We employ SimCSE (Gao, Yao, and Chen 2021) as the retrieval model because it effectively captures semantic information between the constraint value and database cells, which is particularly useful for handling cases with significant variations, such as abbreviation. Based on the cells returned by the retriever, the LLM-based agent evaluates the correctness of the conditional clauses. If the condition is deemed correct, the agent selects the ground truth cell(s) to replace the mention of value; otherwise, the agent generates a new conditional action. Each time the agent makes a new action, we remove the previously used conditional columns from the database schema in the context to prevent duplicate actions. This process is repeated several times until the correct constraint is generated, or the maximum number of attempts is reached. If the maximum attempts are reached without success, we use the initial conditional action as the final answer, as it is likely to be the most accurate.
Error Detector
The role of the error detector is to inspect the mismatches of stricter constraints and detect execution errors in SQL through indirect access to the database.
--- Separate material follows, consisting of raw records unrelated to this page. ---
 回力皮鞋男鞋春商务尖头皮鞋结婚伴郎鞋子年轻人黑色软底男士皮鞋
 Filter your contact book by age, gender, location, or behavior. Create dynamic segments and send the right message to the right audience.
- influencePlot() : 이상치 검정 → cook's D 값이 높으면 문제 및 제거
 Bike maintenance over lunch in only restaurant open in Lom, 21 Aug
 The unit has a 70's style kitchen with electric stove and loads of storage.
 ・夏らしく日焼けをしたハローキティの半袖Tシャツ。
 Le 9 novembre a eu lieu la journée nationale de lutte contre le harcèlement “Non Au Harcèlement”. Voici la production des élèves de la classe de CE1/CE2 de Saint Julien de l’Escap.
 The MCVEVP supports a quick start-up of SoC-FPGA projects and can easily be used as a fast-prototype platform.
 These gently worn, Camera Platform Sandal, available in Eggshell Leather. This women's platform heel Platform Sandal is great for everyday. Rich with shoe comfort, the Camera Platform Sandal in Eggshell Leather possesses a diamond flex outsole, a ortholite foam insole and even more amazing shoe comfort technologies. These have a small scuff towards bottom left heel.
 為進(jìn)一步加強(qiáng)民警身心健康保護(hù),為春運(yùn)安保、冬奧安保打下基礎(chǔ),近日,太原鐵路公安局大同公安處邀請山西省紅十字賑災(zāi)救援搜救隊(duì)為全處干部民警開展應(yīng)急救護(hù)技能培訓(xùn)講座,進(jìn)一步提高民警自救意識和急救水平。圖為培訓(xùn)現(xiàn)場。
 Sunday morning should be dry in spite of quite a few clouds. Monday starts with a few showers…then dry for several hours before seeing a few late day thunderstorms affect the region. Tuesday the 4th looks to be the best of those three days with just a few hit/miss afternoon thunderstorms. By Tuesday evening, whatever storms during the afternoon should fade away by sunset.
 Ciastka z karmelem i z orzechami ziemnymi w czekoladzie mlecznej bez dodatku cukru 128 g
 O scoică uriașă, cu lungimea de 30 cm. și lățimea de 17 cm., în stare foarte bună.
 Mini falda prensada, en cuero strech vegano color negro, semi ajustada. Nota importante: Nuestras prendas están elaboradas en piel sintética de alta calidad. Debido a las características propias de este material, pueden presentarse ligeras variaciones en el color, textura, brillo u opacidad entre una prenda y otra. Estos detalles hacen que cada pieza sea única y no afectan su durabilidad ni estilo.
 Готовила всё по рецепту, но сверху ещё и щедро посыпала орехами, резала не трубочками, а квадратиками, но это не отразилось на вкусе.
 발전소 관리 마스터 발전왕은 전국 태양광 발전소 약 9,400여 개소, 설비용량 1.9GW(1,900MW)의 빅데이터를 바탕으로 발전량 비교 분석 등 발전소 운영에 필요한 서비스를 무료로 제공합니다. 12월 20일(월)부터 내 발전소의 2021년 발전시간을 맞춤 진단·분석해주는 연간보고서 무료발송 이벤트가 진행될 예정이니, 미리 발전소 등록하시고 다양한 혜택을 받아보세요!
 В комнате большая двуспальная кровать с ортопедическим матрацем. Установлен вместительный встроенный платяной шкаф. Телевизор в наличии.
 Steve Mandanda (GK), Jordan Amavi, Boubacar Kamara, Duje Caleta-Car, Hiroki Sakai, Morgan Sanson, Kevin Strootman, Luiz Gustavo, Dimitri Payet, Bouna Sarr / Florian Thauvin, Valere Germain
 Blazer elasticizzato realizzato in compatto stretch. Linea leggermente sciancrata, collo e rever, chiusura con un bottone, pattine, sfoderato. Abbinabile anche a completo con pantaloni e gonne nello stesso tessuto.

SQL generated by LLM may contain errors due to factors like unfamiliarity with domain-specific SQL or hallucinations, making error detection essential. We parse the parameters of our Python functions and design verification programs to perform extensive detection with the help of databases. Different from MAC-SQL (Wang etal. 2024), we do not directly execute SQL queries in the DBMS to gather feedback, as this approach has limited error detection capabilities, typically only catching execution exceptions like syntax errors and database schema errors.Additionally, although privilege control strategies can prevent potentially harmful SQL from damaging the important data in databases, executing unchecked SQL queries is still risky, as it may lead to slow response times in large real-world databases.
In the inspection process, we first extract the schema information of the database, including all table names, column names and types, foreign key relationships, and more. We then design verification programs to check whether the parameters of the functions satisfy the SQL operations and the database schema. For stricter constraints, our diagnostic process focuses on detecting the following errors based on SQL features: 1) mismatch of foreign key relationships, 2) redundancy or absence of “JOIN” operations, 3) mismatch of column types in conditional clauses, 4) absence or improper usage of “GROUP BY” clauses. We also emphasize that our tool is extensible and can be easily adapted to detect user-defined constraints in real-world scenarios by analyzing parameters in function calls. For example, in real-world scenarios where there are specific requirements on column data processing, the tool can be expanded to detect whether “NULL” values have been excluded or whether columns with specific formats have been appropriately processed.
SQL Generation
In the final stage, we generate the SQL query using the corrected action sequences. We use the Python Interpreter to execute these function calls and extract the main components of the SQL query. For the missing logical operators ‘AND’ and ‘OR’ in ‘WHERE’ or ‘HAVING’ clauses, which are not included in the action sequences, we rely on the LLM to predict them. With all the components in place, we can then assemble the complete SQL query.
Spider-MismatchDataset
Dataset Construction
User questions in real-world scenarios exhibit diversity and may differ significantly from database content, especially for cells that cannot all be seen in the context of LLMs, which is not well highlighted by existing datasets. Spider (Yu etal. 2018) is a widely used benchmark for evaluating models’ generalization ability across domains. Since it was built before the advent of LLMs, the utterances used in Spider questions closely resemble their paired SQL queries, i.e. the column and the values mentioned in the question are almost the same as those in gold SQL queries. Some works address the deficiencies of Spider and derive new datasets from the Spider validation set. Spider-SYN (Gan etal. 2021) modifies the schema-related utterances with corresponding synonyms. Spider-DK (Gan, Chen, and Purver 2021) incorporates domain knowledge reflecting real-world question narratives. Spider-Realistic (Deng etal. 2021) paraphrases or removes explicit mentions of column names. The Bird dataset was constructed after the emergence of LLMs and focuses on more complex database content, external knowledge reasoning between problems and databases, and SQL query efficiency.In these datasets, values mentioned in questions are typically highlighted with initial capitalization or within quotation marks. The differences between the mention of value in questions and the ground-truth cells in databases are minimal. In most cases, they are identical, which is unlikely in real-world scenarios. In a few cases, the LLMs can infer the correct cell statements by simply seeing the first three rows of tables. Therefore, existing approaches do not account for the differences between values mentioned in questions and cells in databases, most approaches simply use the strategy of looking at a few cell examples.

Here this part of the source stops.